Five Facts About Roman Architecture
One thing that is most obvious about Roman architecture is that the ancient Romans built to last. We can see this by the number of structures still standing, and some are still in use over two thousand years later. This is partly due to their use of different building materials to those in everyday use and partly to their innovations in design.
1. The Romans were the first to use concrete.
Not only that, but they had a range of different types of concrete, each for a particular purpose. One variety even allowed them to build underwater for the first time. This, together with their mastery of the arch and vault, allowed the construction of long bridge spans. They realized that arches could also be stacked, allowing them to build to greater heights, carrying aqueducts across mountain valleys for long distances.

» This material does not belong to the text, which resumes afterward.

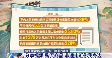社交媒體平臺近日發(fā)布的《2024非遺數(shù)據(jù)報告》顯示,過去一年,平臺上國家級非遺相關(guān)視頻累計分享量同比增長36%,平均每天有5.3萬場非遺直播,獲得打賞收入的非遺主播人數(shù)年增長25.63%,共有1379萬名網(wǎng)友在平臺上分享非遺體驗,購買非遺團購商品的用戶數(shù)同比增長328%。 某購物平臺數(shù)據(jù)顯示,今年前三季度,以“非遺”為關(guān)鍵詞的搜索量同比增長168%,“非遺”主題相關(guān)的團購訂單量同比提升245%。

2. Apart from arches, they made wide use of vaults and domes.
Domes created large uninterrupted spaces for religious and public gatherings. This significantly impacted public life as it allowed for public gatherings for political, religious, and entertainment purposes.
The Colosseum, the huge amphitheater accommodating up to 60 000 spectators and home of the gladiators, is an example. The Pantheon, built as a temple in the 2nd century, is still the largest unsupported and unreinforced dome in the world.
3. The use of arches in the building of aqueducts allowed them to pipe water to private homes for the first time.
Not only was piped water available, at least to the homes of the wealthy, but they were heating it in underground furnaces. Thus they developed the first central heating systems, including underfloor heating.
4. The Romans constructed apartment buildings to house the poorer people in the crowded cities.
There were legal limits on the height of these buildings and the number of people they could accommodate for safety reasons, but these were often disregarded and sometimes reached 9 stories high. There were apartments on three sides and a wall on the fourth to allow some privacy in the central courtyard.
The materials used were often mud bricks and wood and were far inferior to those used in the construction of the townhouses. Each apartment had two small rooms and was meant for a single family, though up to 50 people often crammed in. The bottom floor was reserved for shops and workshops. It was rare to have in-home plumbing in an apartment. If there were running water available, it would only have been available on the lower stories.
5. In contrast, wealthy citizens often had a townhouse and a country villa.
These buildings had both running water and central heating and were decorated inside with mosaics on the floors and murals on the walls.